Trudeau appoints fresh face to natural resources file amid Alberta angst

In a largely unanticipated move, Prime Minister Justin Trudeau on Wednesday announced that his longtime friend Seamus O’Regan, the Liberal MP from St. John’s, Newfoundland, would serve as the next Natural Resources Minister.

The appointment puts O’Regan in charge of a sensitive portfolio at a time when the oilpatch is struggling and the Liberals failed to win a single riding in either Alberta or Saskatchewan.

As minister, his responsibilities will extend beyond energy to developing policies around all natural resources, including mining and forestry. All three sectors contribute to Newfoundland and Labrador’s economy, which has historically also supplied a portion of the workforce for the Alberta’s oilsands.

O’Regan, who holds a Master of philosophy from University of Cambridge and previously worked in media, is not strongly associated with the resources sector.

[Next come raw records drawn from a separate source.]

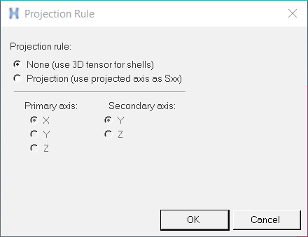 In order to have a projected coordinate system, you must pick a 3D reference coordinate system from the resolved in pull down menu. This reference coordinate system can either be a global or a user-defined system. Then, the Primary axis (of the reference coordinate system) will be projected on the element plane to obtain the local x axis. If the Primary axis is perpendicular to the element plane, the Secondary axis will be projected to obtain the local x axis. You have the option to pick the Primary axis and Secondary axis from the Projection Rule dialog.
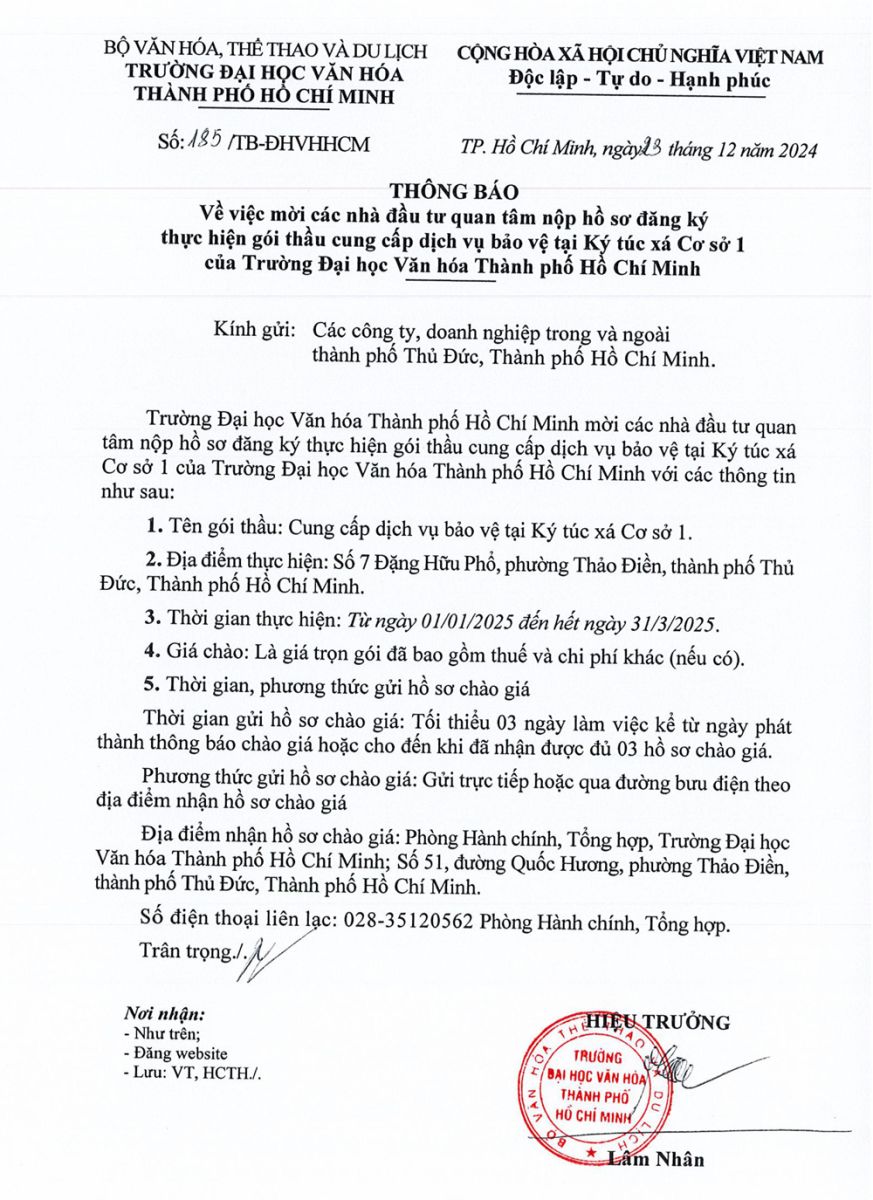 26.03.2026 Thông báo về việc mời các đơn vị quan tâm nộp hồ sơ đăng ký thực hiện gói thầu thực hiện dịch vụ bảo trì phần mềm quản trị Trường Đại học Văn hóa Thành phố Hồ Chí Minh
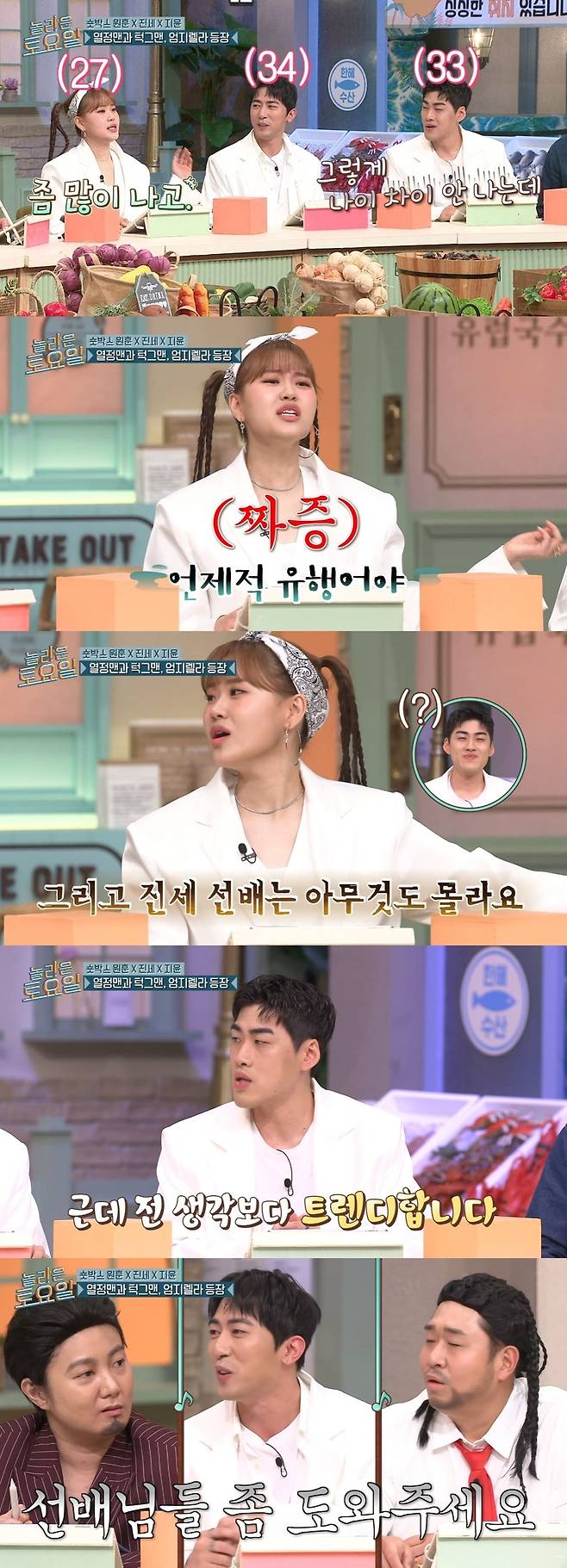'놀라운 토요일' 엄지윤이 김원훈, 조진세와의 세대 차이를 언급했다.
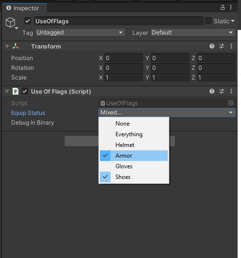 UseOfFlags라는 컴포넌트를 하나 만들어서, EquipStatus 변수를 public으로 선언하고 인스펙터에서 보면, 흔히 layer 를 선택할 수 있는 것처럼 다중 선택을 할 수 있다.
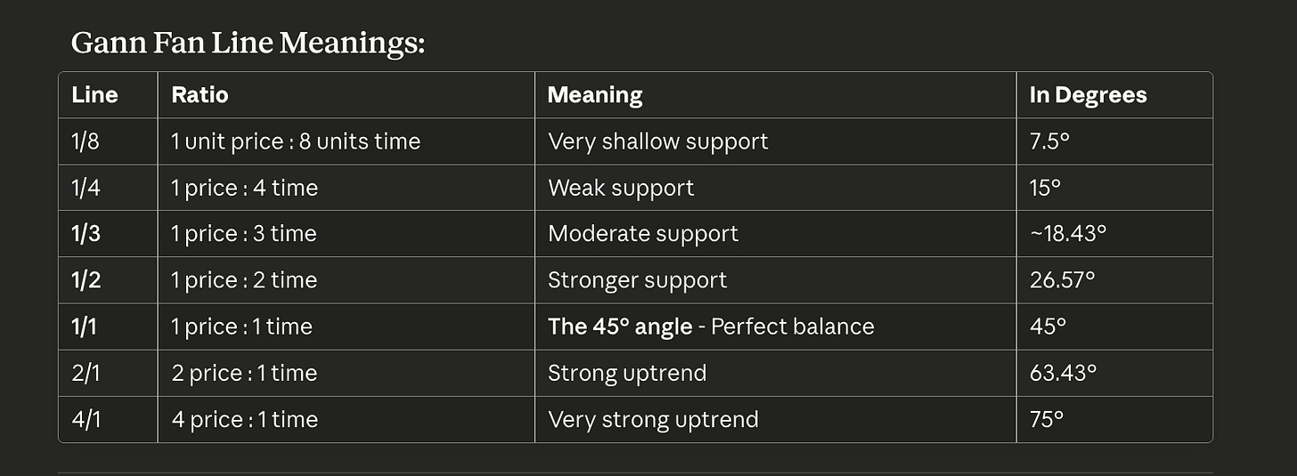 The 1/3 line represents 1 unit of price movement for every 3 units of time

“He is best known to Canadians for his ten years as co-host of CTV’s Canada AM,” the second line in the bio featured on his government website had read until Wednesday afternoon.

O’Regan was swept into office as a Liberal in the 2015 election, winning 58 per cent of the votes, and then won re-election this fall with 51 per cent of the votes in his riding.

Amarjeet Sohi, the previous Minister of Natural Resources, hailed from Alberta, but failed to retain his riding last month. That left an open question as to who Trudeau could name as the next minister of natural resources, given that Western Canada’s resources sector has been struggling.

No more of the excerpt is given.